== Segment start ==

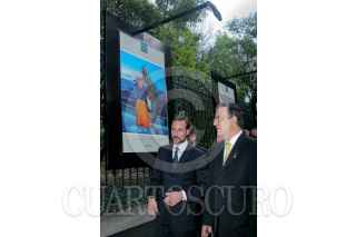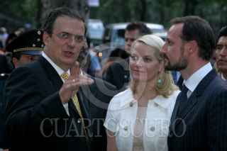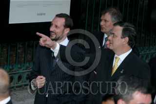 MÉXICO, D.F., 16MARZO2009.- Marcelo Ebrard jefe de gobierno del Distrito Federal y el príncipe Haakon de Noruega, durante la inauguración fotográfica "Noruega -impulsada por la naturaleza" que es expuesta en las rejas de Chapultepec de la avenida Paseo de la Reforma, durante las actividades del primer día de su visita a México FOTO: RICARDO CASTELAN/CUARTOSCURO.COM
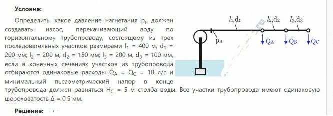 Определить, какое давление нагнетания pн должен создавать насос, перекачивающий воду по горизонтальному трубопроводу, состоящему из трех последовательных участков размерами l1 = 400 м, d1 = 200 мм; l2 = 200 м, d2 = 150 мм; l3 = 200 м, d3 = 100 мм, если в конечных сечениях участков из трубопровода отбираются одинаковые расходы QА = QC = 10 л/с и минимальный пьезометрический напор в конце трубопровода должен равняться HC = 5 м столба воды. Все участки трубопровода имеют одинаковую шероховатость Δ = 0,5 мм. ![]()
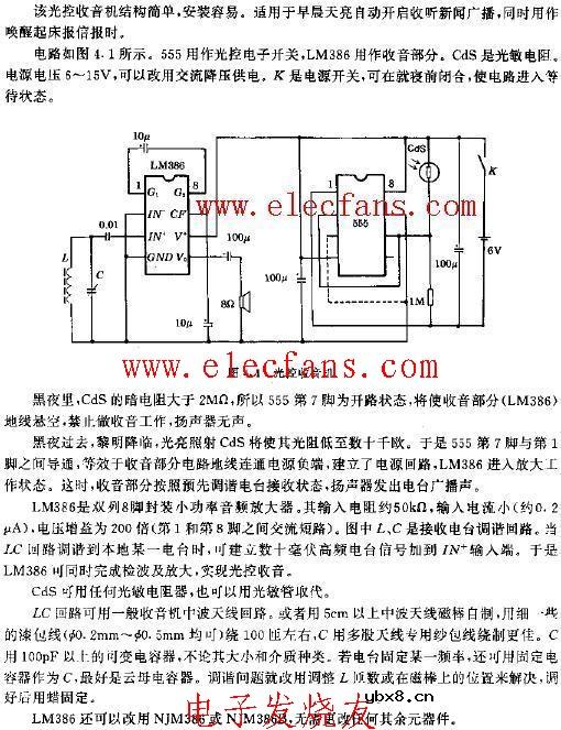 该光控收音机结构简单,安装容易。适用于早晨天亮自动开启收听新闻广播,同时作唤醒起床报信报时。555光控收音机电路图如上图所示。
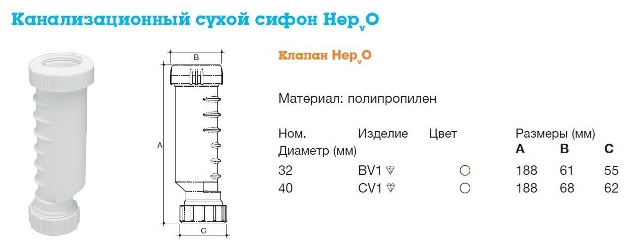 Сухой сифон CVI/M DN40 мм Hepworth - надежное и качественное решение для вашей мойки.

== Segment end ==

PROBLEM STATEMENT: The result should be the listing above, restated exactly, with no pictures in it.

TASK RESULT:
 MÉXICO, D.F., 16MARZO2009.- Marcelo Ebrard jefe de gobierno del Distrito Federal y el príncipe Haakon de Noruega, durante la inauguración fotográfica "Noruega -impulsada por la naturaleza" que es expuesta en las rejas de Chapultepec de la avenida Paseo de la Reforma, durante las actividades del primer día de su visita a México FOTO: RICARDO CASTELAN/CUARTOSCURO.COM
 Определить, какое давление нагнетания pн должен создавать насос, перекачивающий воду по горизонтальному трубопроводу, состоящему из трех последовательных участков размерами l1 = 400 м, d1 = 200 мм; l2 = 200 м, d2 = 150 мм; l3 = 200 м, d3 = 100 мм, если в конечных сечениях участков из трубопровода отбираются одинаковые расходы QА = QC = 10 л/с и минимальный пьезометрический напор в конце трубопровода должен равняться HC = 5 м столба воды. Все участки трубопровода имеют одинаковую шероховатость Δ = 0,5 мм. ![]()
 该光控收音机结构简单,安装容易。适用于早晨天亮自动开启收听新闻广播,同时作唤醒起床报信报时。555光控收音机电路图如上图所示。
 Сухой сифон CVI/M DN40 мм Hepworth - надежное и качественное решение для вашей мойки.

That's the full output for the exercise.